YOUR OBJECTIVE:
Without the pictures, copy all of the data exactly.

PROVIDED DATA:
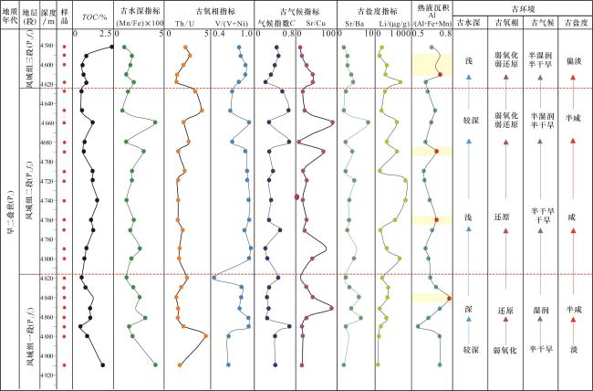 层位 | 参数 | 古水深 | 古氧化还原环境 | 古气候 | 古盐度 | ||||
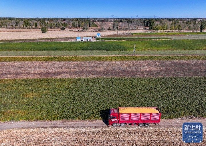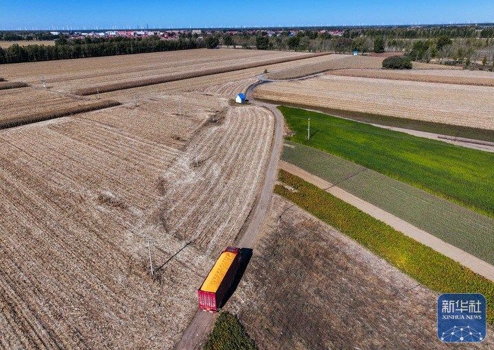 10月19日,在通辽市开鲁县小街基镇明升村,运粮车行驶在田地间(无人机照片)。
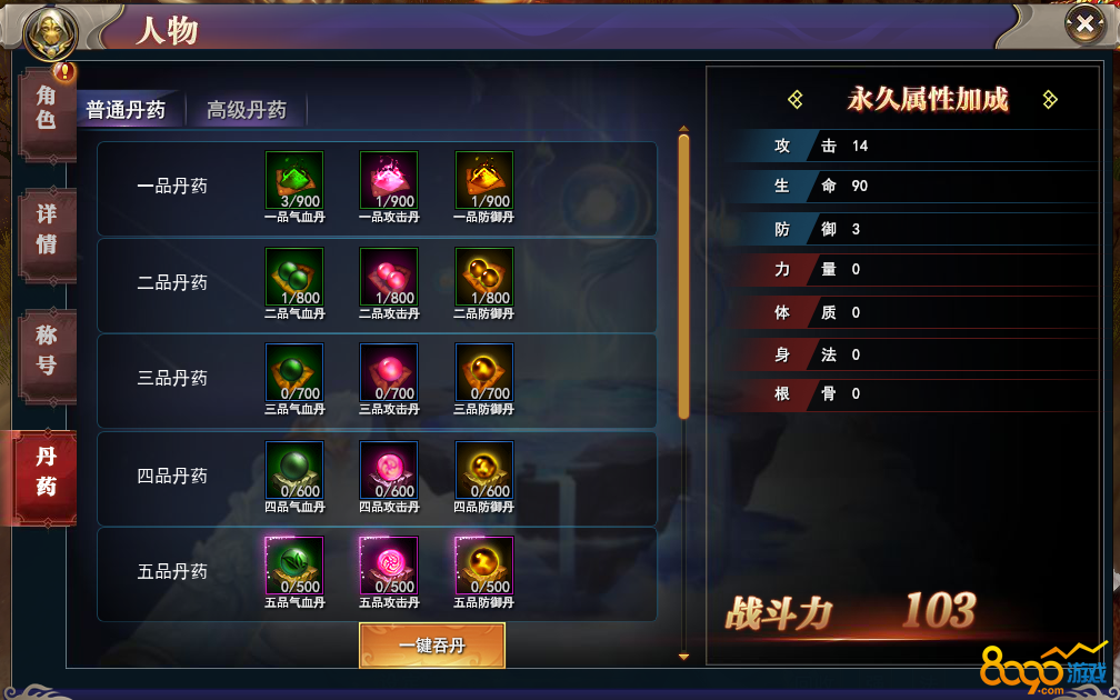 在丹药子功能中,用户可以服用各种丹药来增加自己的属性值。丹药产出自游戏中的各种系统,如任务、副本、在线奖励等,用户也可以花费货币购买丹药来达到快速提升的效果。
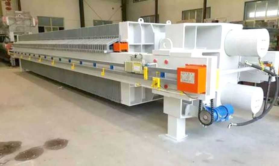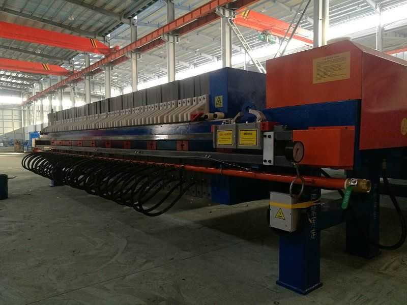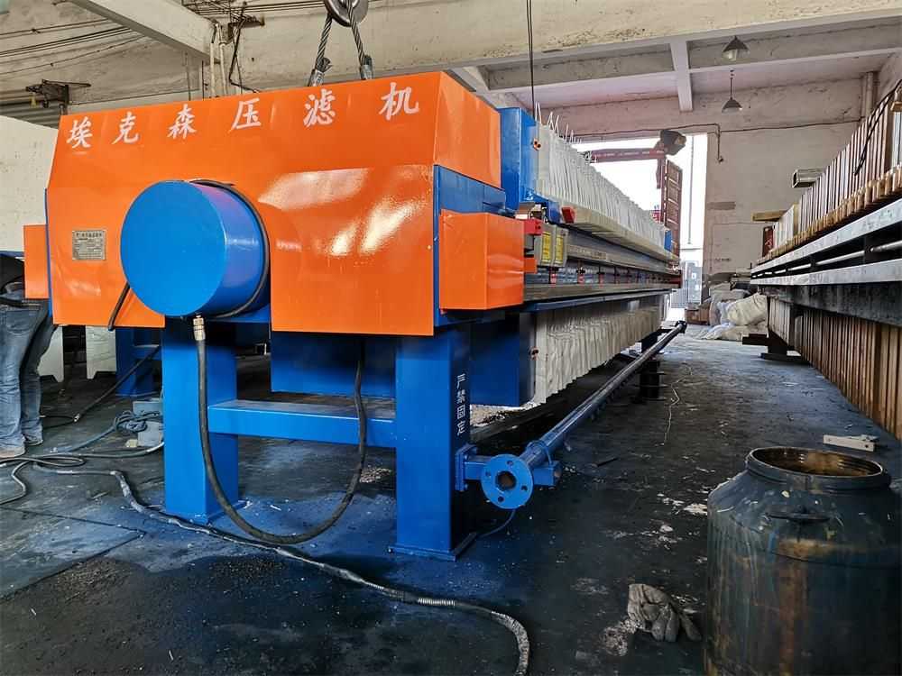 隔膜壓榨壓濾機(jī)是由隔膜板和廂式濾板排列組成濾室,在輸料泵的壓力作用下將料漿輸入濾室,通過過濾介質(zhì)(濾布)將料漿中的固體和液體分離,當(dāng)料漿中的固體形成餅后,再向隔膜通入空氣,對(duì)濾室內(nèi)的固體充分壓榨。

WRITTEN RESPONSE:
 层位 | 参数 | 古水深 | 古氧化还原环境 | 古气候 | 古盐度 | ||||
 10月19日,在通辽市开鲁县小街基镇明升村,运粮车行驶在田地间(无人机照片)。
 在丹药子功能中,用户可以服用各种丹药来增加自己的属性值。丹药产出自游戏中的各种系统,如任务、副本、在线奖励等,用户也可以花费货币购买丹药来达到快速提升的效果。
 隔膜壓榨壓濾機(jī)是由隔膜板和廂式濾板排列組成濾室,在輸料泵的壓力作用下將料漿輸入濾室,通過過濾介質(zhì)(濾布)將料漿中的固體和液體分離,當(dāng)料漿中的固體形成餅后,再向隔膜通入空氣,對(duì)濾室內(nèi)的固體充分壓榨。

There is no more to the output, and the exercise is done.